Trying to compute the stddev and 25,75 quantiles but they produce NaN and Null values
# Window Time = 30min
window_time = 1800
# Stats fields for window
stat_fields = ['source_packets', 'destination_packets']
df = sqlContext.createDataFrame([('192.168.1.1','10.0.0.1',22,51000, 17, 1, "2017-03-10T15:27:18+00:00"),
('192.168.1.2','10.0.0.2',51000,22, 1,2, "2017-03-15T12:27:18+00:00"),
('192.168.1.2','10.0.0.2',53,51000, 2,3, "2017-03-15T12:28:18+00:00"),
('192.168.1.2','10.0.0.2',51000,53, 3,4, "2017-03-15T12:29:18+00:00"),
('192.168.1.3','10.0.0.3',80,51000, 4,5, "2017-03-15T12:28:18+00:00"),
('192.168.1.3','10.0.0.3',51000,80, 5,6, "2017-03-15T12:29:18+00:00"),
('192.168.1.3','10.0.0.3',22,51000, 25,7, "2017-03-18T11:27:18+00:00")],
["source_ip","destination_ip","source_port","destination_port", "source_packets", "destination_packets", "timestampGMT"])
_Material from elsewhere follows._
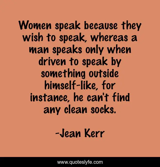 This page presents the quote "Women speak because they wish to speak, whereas a man speaks only when driven to speak by something outside himself-like, for instance, he can't find any clean socks.". Author of this quote is Jean Kerr. This quote is about humor, language, gender, men, socks, conversation, clothes, speaking, women,.
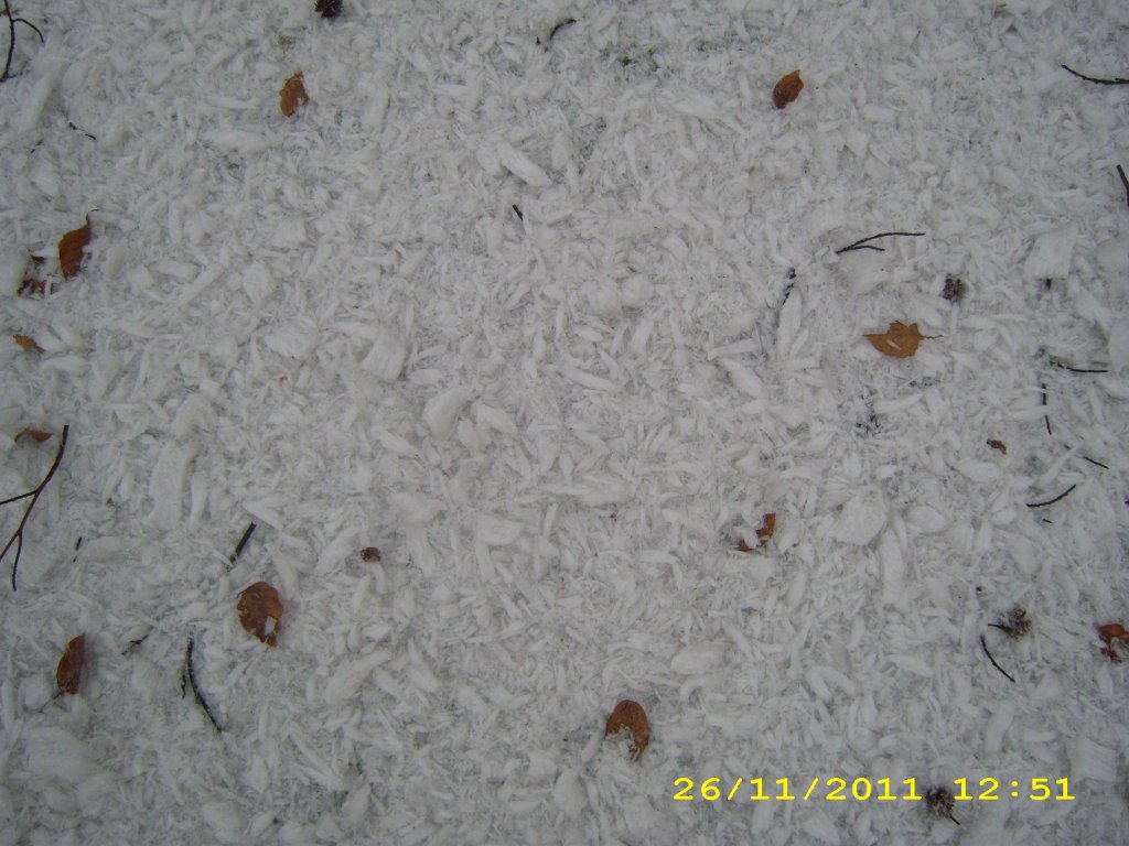 Die Eissplitter, die durch den Wind von den Bäumen fielen, waren teilweise so groß wie Buchenblätter

def add_stats_column(r_df, field, window):
'''
Input:
r_df: dataframe
field: field to generate stats with
window: pyspark window to be used
'''
r_df = r_df \
.withColumn('{}_sum_30m'.format(field), F.sum(field).over(window))\
.withColumn('{}_avg_30m'.format(field), F.avg(field).over(window))\
.withColumn('{}_std_30m'.format(field), F.stddev(field).over(window))\
.withColumn('{}_min_30m'.format(field), F.min(field).over(window))\
.withColumn('{}_max_30m'.format(field), F.max(field).over(window))\
.withColumn('{}_q25_30m'.format(field), F.expr("percentile_approx('{}', 0.25)".format(field)).over(window))\
.withColumn('{}_q75_30m'.format(field), F.expr("percentile_approx('{}', 0.75)".format(field)).over(window))
return r_df
w_s = (Window()
.partitionBy("ip")
.orderBy(F.col("timestamp"))
.rangeBetween(-window_time, 0))
df2 = df.withColumn("timestamp", F.unix_timestamp(F.to_timestamp("timestampGMT"))) \
.withColumn("arr",F.array(F.col("source_ip"),F.col("destination_ip")))\
.selectExpr("explode(arr) as ip","*")\
.drop(*['arr','source_ip','destination_ip'])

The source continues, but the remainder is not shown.